You need to be prepared for everything and anything as you learn the art of verbal self-defense. You might not be looking for a fight, an argument, or any problems. For example, you go out to walk your dog, and a perfect stranger walks by and tells you a dead dog story—something you don’t want to hear, especially at 7 A.M. Then you go to the corner to buy a newspaper. As you put out your hand to pay the vendor, someone in line curses you because she says she was there first, even though you know that you were there before she was. Next, you unsuspectingly go to get a cup of cappuccino at an upscale coffee shop on the corner. You are met by a nasty, abrupt, impatient server who looks at you in disgust when you hand him a ten dollar bill and he is forced to make change for you. As you sit down, you see someone sitting alone at the next table. You smile and say good morning, she looks away as though you were invisible.
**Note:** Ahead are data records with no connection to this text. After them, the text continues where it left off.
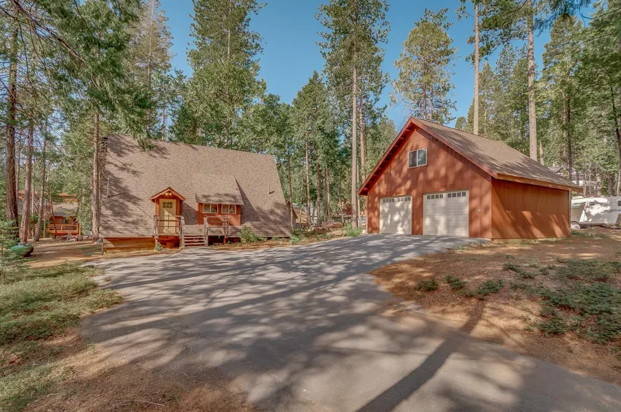 Blue Lake Springs A Frame with 3 Bedrooms, One Bath AND with Detached Two Car Garage with Potential Bonusroom/Familyroom/Masterbedroom and Bath on a NICE LEVEL LOT! This Older Cabin and Detached Garage have Newer Composition Roofs and Exterior Paint, Newer Pergo Bamboo Flooring, Newer Garage Door & Front Door & Side Door on Garage(that goes to upstairs to potential extra living space with bath).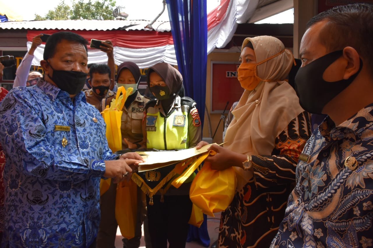 1. Bupati Madina Drs Dahlan Hasan nasution menyerahkan secara simbolis masker kepada Lurah.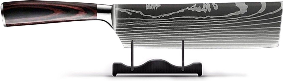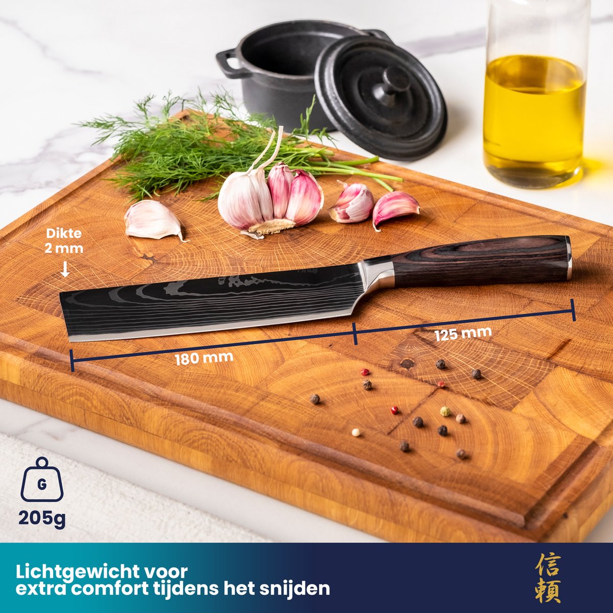 Dit is het Damascus Print Series Nakiri mes van Shinrai Japan: een vlijmscherp groentemes met een 18 cm lemmet, gesmeed uit Duits high carbon staal en afgewerkt met een kenmerkende damascus print. Het combineert Japanse vormgeving met Duitse degelijkheid, en is bedoeld voor wie veel en precies groenten snijdt — van ragfijne brunoise tot superdunne plakjes voor snelle wokgerechten.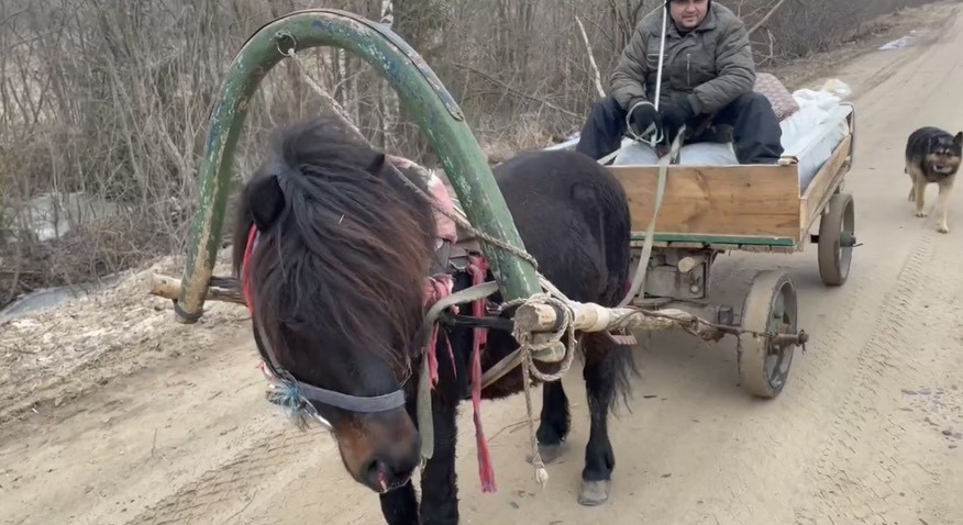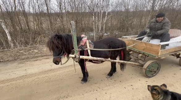 В селе Корёга Буйского района Костромской области местный житель использует труд маленькой лошадки – Пони. Трудяжка всеми силами старается угодить хозяину и тянет гружёную телегу. По словам хозяина, лошадка по имени Памир способна перевезти полтонны груза.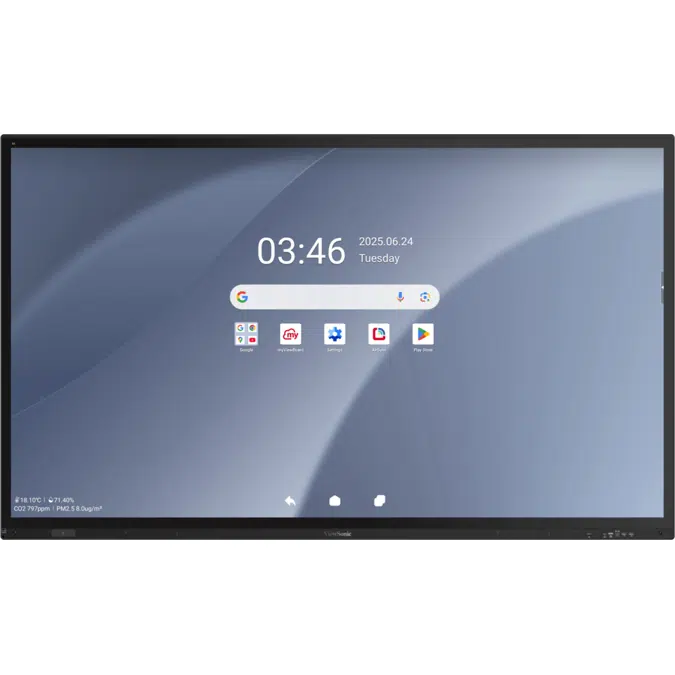 The ViewSonic® ViewBoard® IFP63 Series is a 4K UHD interactive flat panel designed for secure, high-performance collaboration in enterprise and higher education environments. With ultra-responsive 50-point PCAP touch, palm rejection, and Write Away™ technology, it enables seamless, pen-on-paper annotation—ideal for hybrid meetings, interactive lessons, and brainstorming sessions. Powered by Android 15 and EDLA-certified, the interactive display provides secure access to the latest apps and updates on a future-ready platform. An octa-core processor and 16GB of RAM support smooth multitasking for demanding workflows, while NFC tap-to-sign-in simplifies access in shared settings. Part of the ViewSonic Business Solutions, it includes three powerful software tools: Manager for remote device management, AirSync for wireless casting, and TeamOne for real-time collaboration. Designed with sustainability in mind, this display features integrated sensors that adjust brightness, monitor environmental conditions, and trigger energy-saving modes. It is certified EPEAT Gold and EEI Level F for efficient, environmentally responsible deployment.

Your day is filled with meetings, but before it begins your boss is barking out commands devoid of “please” or “thank you,” or, for that matter, any terms of politeness. He shouts only about the few things you did wrong, ignoring the fact that you did everything else right. In fact, you have done things so right that you are still the number one salesperson in the company over the past six months.
As if your day couldn’t get any worse, you finally get to go home and relax, only to discover that you are getting the silent treatment from your spouse for something you must have done. No kiss, no hug, nothing.
Perplexed, you ask “what’s wrong,” only to hear “nothing’s wrong!”
Could things possibly get any worse?
Guess what? You have just entered the verbal combat zone! But there is good news—you need not be a victim anymore! Help has finally arrived! The pages to come will show you how to effectively strategize to defend yourself against these foes. You will never be a verbal victim again.